Mit Übernahme der Burg Gnandstein durch Hanns von Einsiedel zu Anfang des 20. Jahrhunderts begann die touristische und museale Nutzung der Anlage. In diesem Zusammenhang erhielt der Bergfried einen neuen Zugang und eine hölzerne Wendeltreppe. Die Plattform inklusive des teilweise zerstörten Zinnenkranzes konnte in diesem Zusammenhang repariert werden.

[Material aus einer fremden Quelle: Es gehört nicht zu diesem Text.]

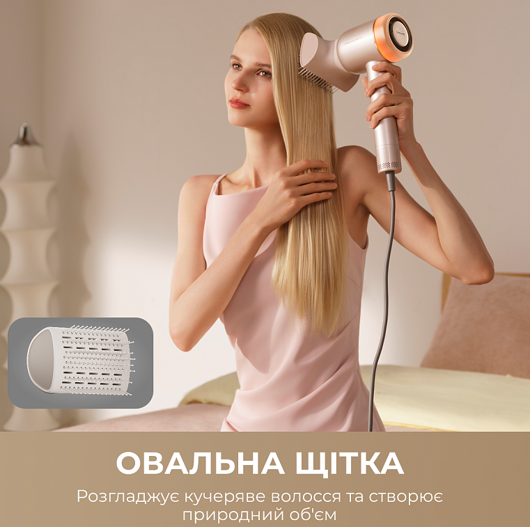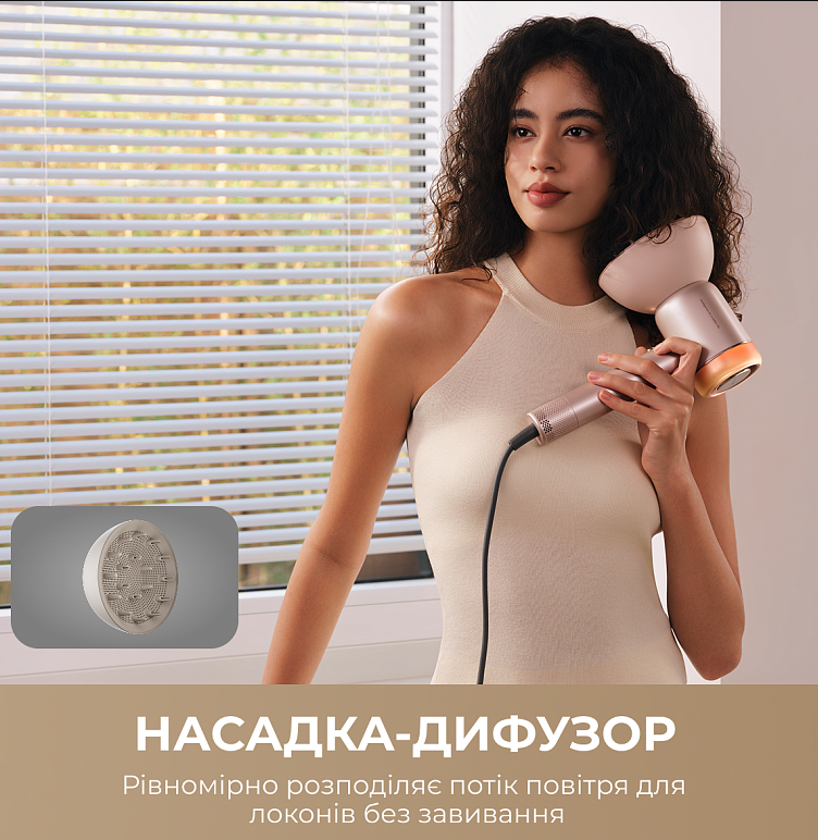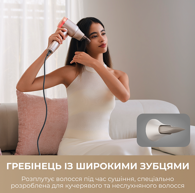 Контролює температуру повітряного потоку, щоб запобігти перегріву та захистити волосся.

Nach Ende des 2. Weltkrieges und dem Übergang der Burganlage in Volkseigentum waren die Träger ständig bemüht, trotz knapper Mittel, notwendige Reparaturen an den Gebäuden der Burg durchzuführen. Anfang der 50er Jahre kam es zu starken Sturmschäden an verschiedenen Dächern der Burggebäude, die anschließend wieder erneuert werden konnten. In den Jahren 1964 / 1965 wurde das seit 1932 als Gaststätte genutzte Gebäude auf der Westseite des Felssporns komplett umgebaut.

 

Seit 1990

Historische Küche im PalasBildansicht vergrößern

Mit der politischen Wende 1990 ergaben sich auch für Burg Gnandstein große Veränderungen. Bereits im Herbst des Jahres begannen umfangreiche archäologische Grabungen im Bereich des Bergfriedes bzw. des Zwingers. Im Anschluss wurde die Zwingeranlage rekonstruiert. Zeitgleich begannen die Planungen für die Reparatur / Rekonstruktion der verschiedenen Gebäude der Burg. Im Laufe der Jahre konnten Südflügel, Bergfried, Palas, Kemenate, Anbau und Kapellenflügel zunächst statisch konstruktiv überarbeitet werden. Auch der Bergfried wurde in diesem Rahmen überarbeitet und konnte 1998 wieder für den Besucherverkehr geöffnet werden. Danach begann der Innenausbau der Gebäude, der mittlerweile fast abgeschlossen ist.